(Data extracted from a collection)
____

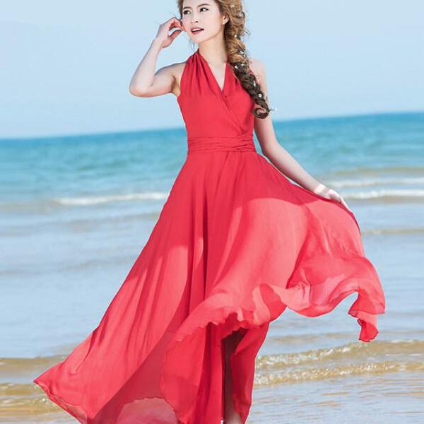 薄而不透的性感V领设计,凸显颈部曲线。展现女人的优雅。背部的设计是亮点,修身性感,妩媚动人,胳膊更显纤细。垂顺透气的雪纺,大红色的设计,飘逸的裙摆,让你感受夏日的浪漫、自由。
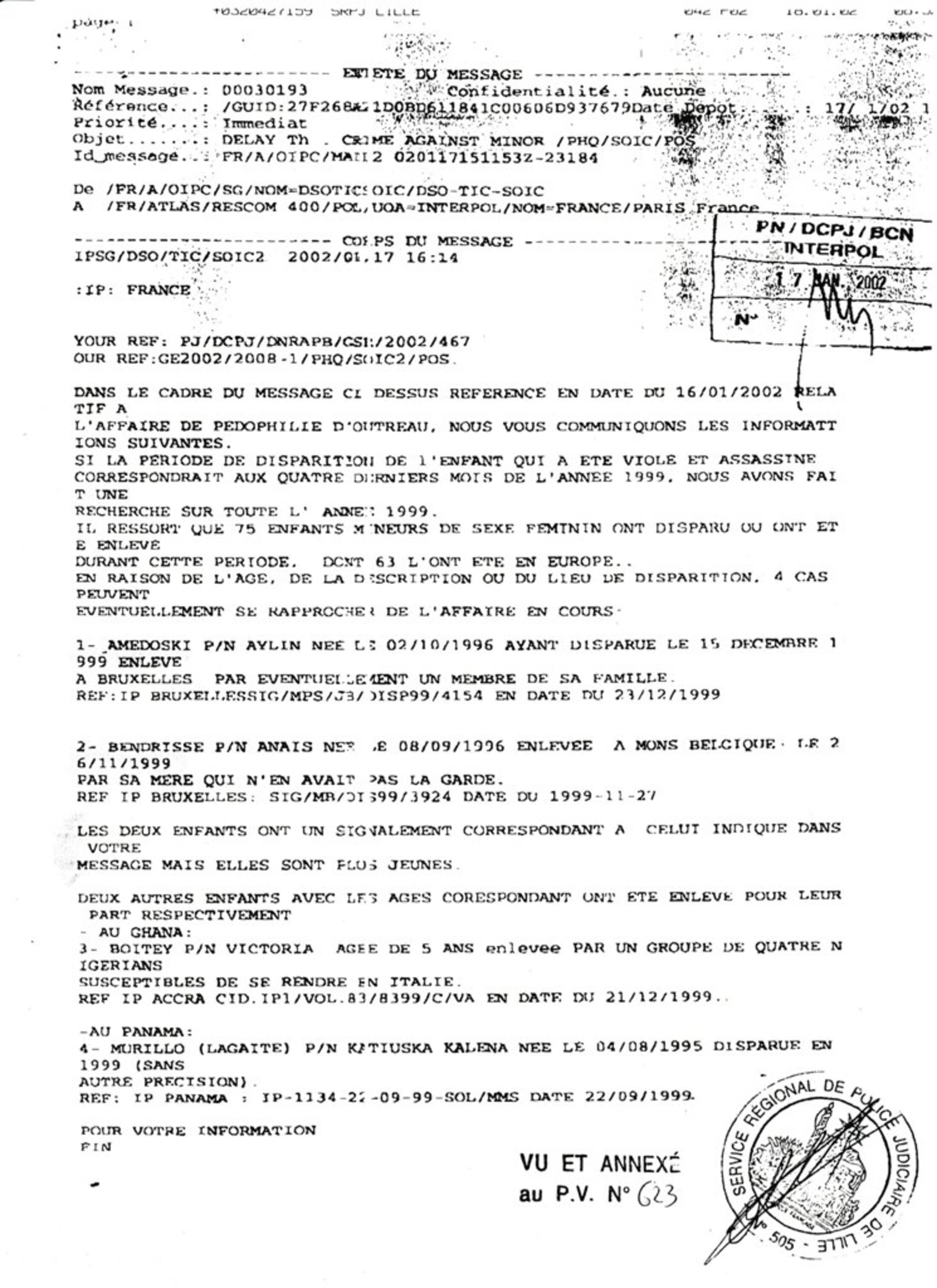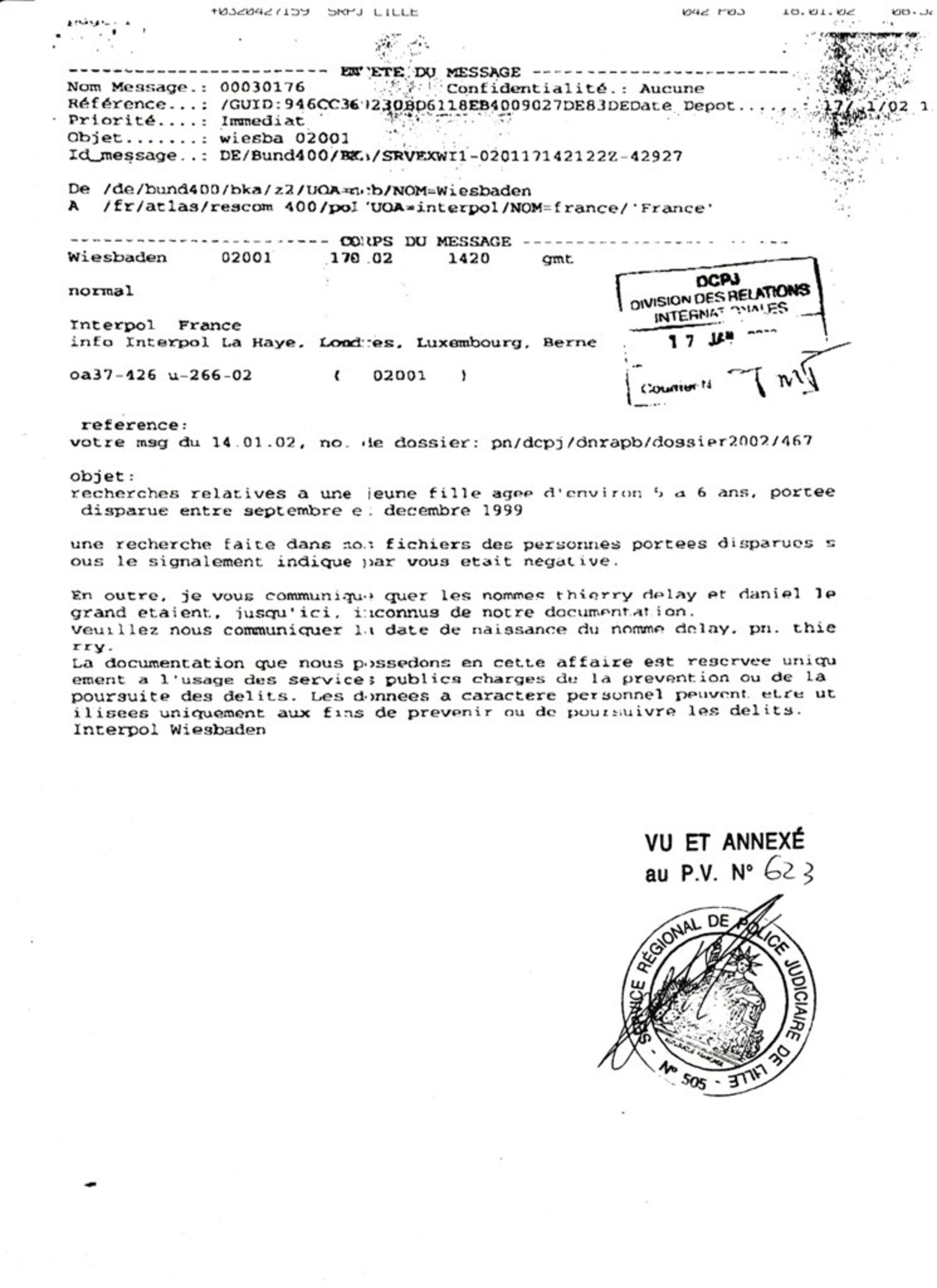 Document : Interpol dans le dossier Delay et autres, affaire dite d'Outreau
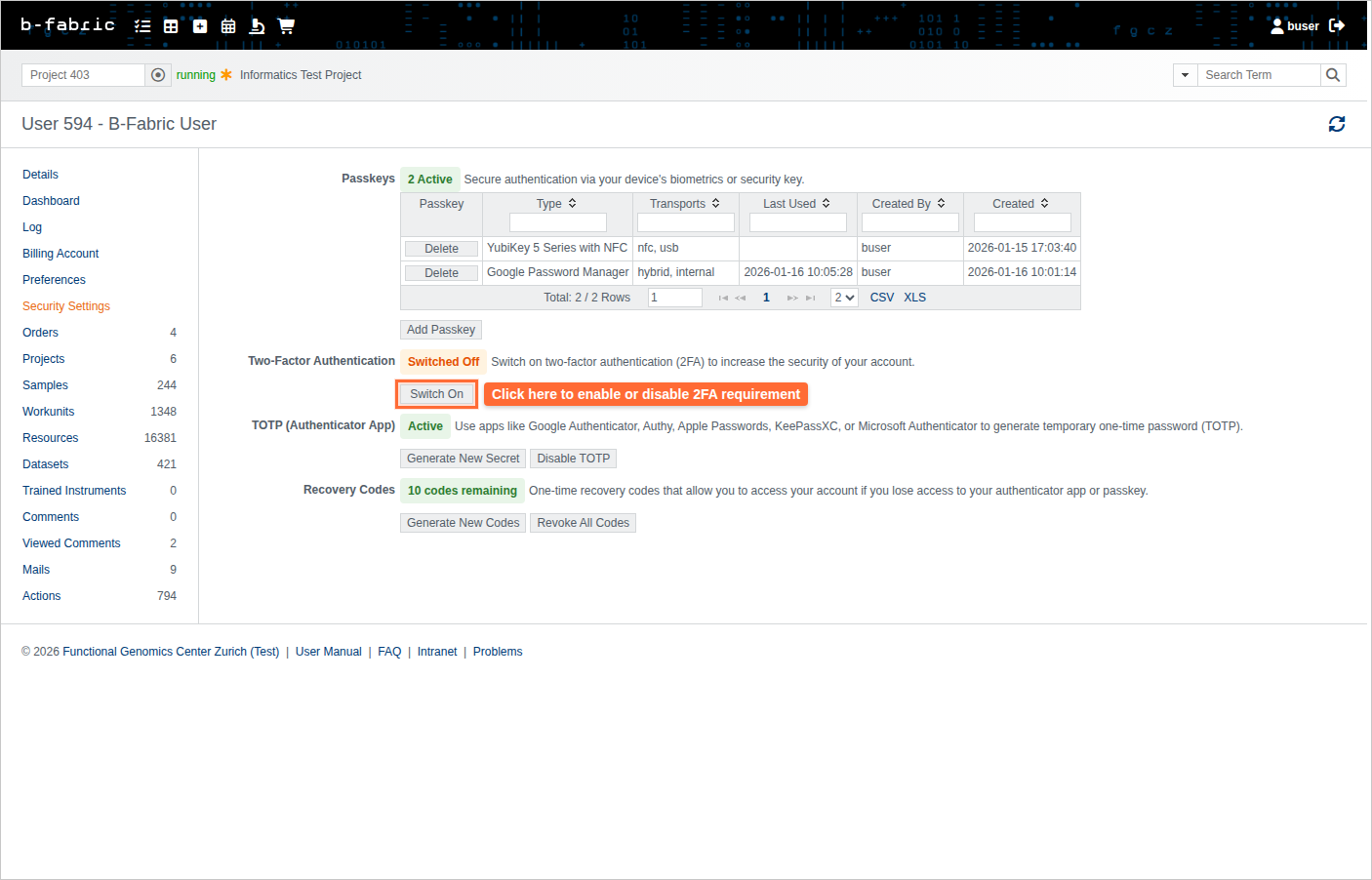 - Navigate to your user profile and click the 'Two Factor' tab.
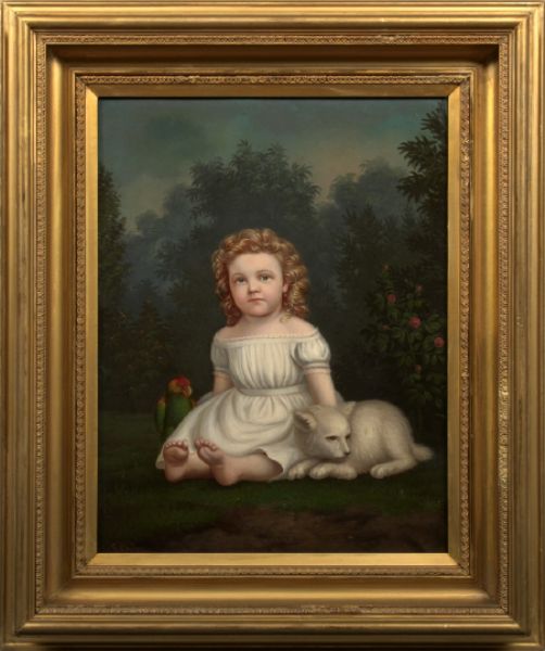| Portrait of a Girl Seated in a Landscape with a Parrot and a Cat | |
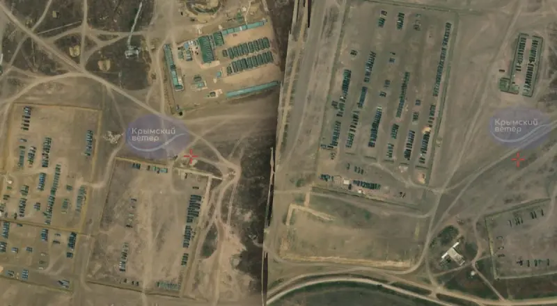 Большая российская база расположена в 2,5 км восточнее озера Капчик на Керченском полуострове. На ней находится также много военной техники.
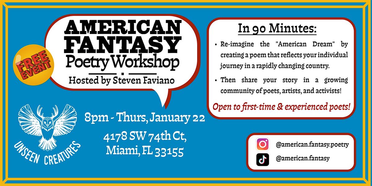 Hosted by Steven Faviano, the American Fantasy Poetry Workshop & Open Mic is a unique community experience where poets, artists, and activists can express their stories. During the 90-Minute session, we will spend time drafting, refining, and sharing poems reflecting our individual journeys in modern America.
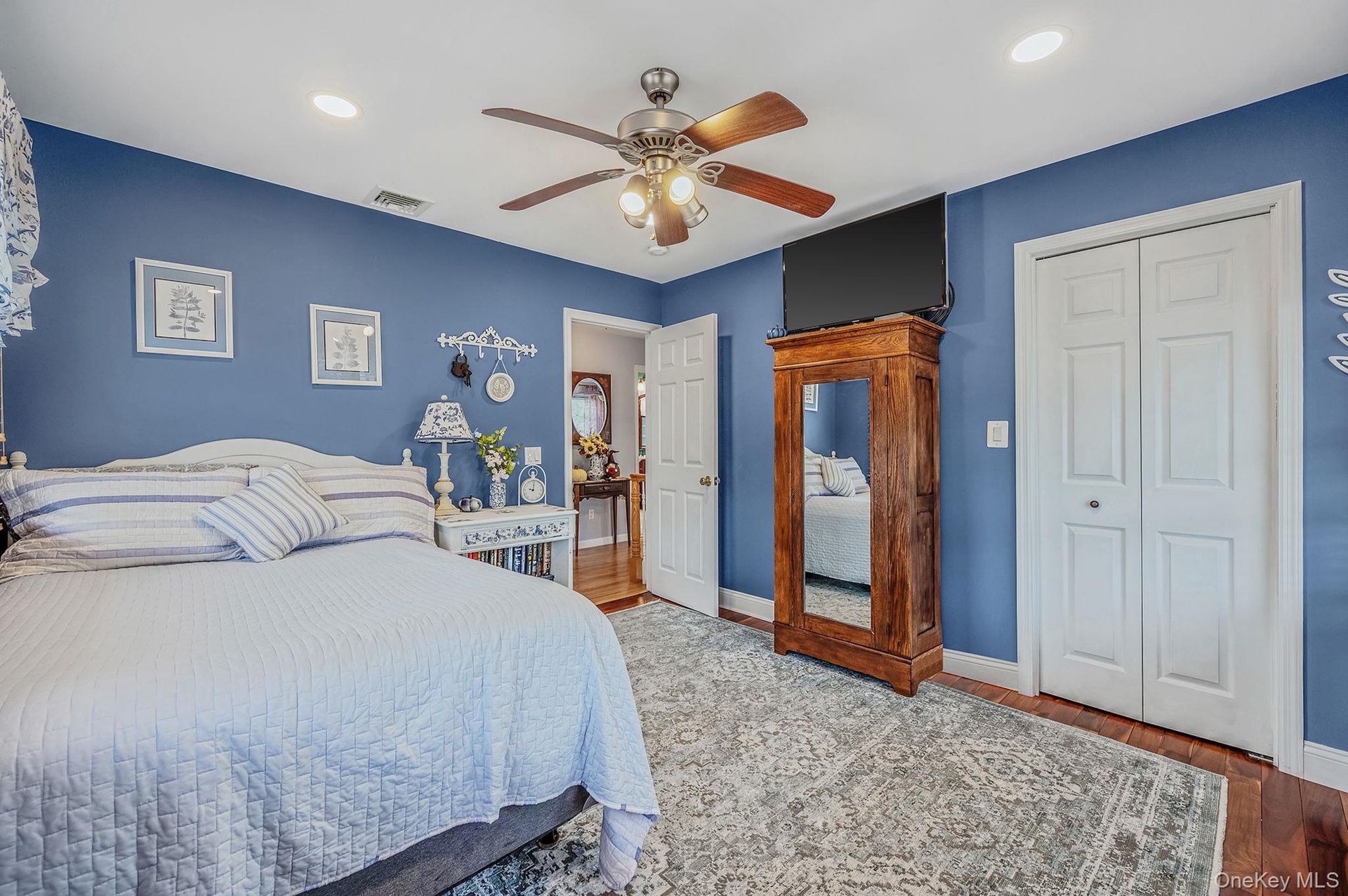 - Bedroom with wood finished floors, a closet, ceiling fan, and recessed lighting

____

§ What is being asked:
Each record above has to be written out again in full, but its pictures must not be.

§ Reply to the task:
 薄而不透的性感V领设计,凸显颈部曲线。展现女人的优雅。背部的设计是亮点,修身性感,妩媚动人,胳膊更显纤细。垂顺透气的雪纺,大红色的设计,飘逸的裙摆,让你感受夏日的浪漫、自由。
 Document : Interpol dans le dossier Delay et autres, affaire dite d'Outreau
 - Navigate to your user profile and click the 'Two Factor' tab.
| Portrait of a Girl Seated in a Landscape with a Parrot and a Cat | |
 Большая российская база расположена в 2,5 км восточнее озера Капчик на Керченском полуострове. На ней находится также много военной техники.
 Hosted by Steven Faviano, the American Fantasy Poetry Workshop & Open Mic is a unique community experience where poets, artists, and activists can express their stories. During the 90-Minute session, we will spend time drafting, refining, and sharing poems reflecting our individual journeys in modern America.
 - Bedroom with wood finished floors, a closet, ceiling fan, and recessed lighting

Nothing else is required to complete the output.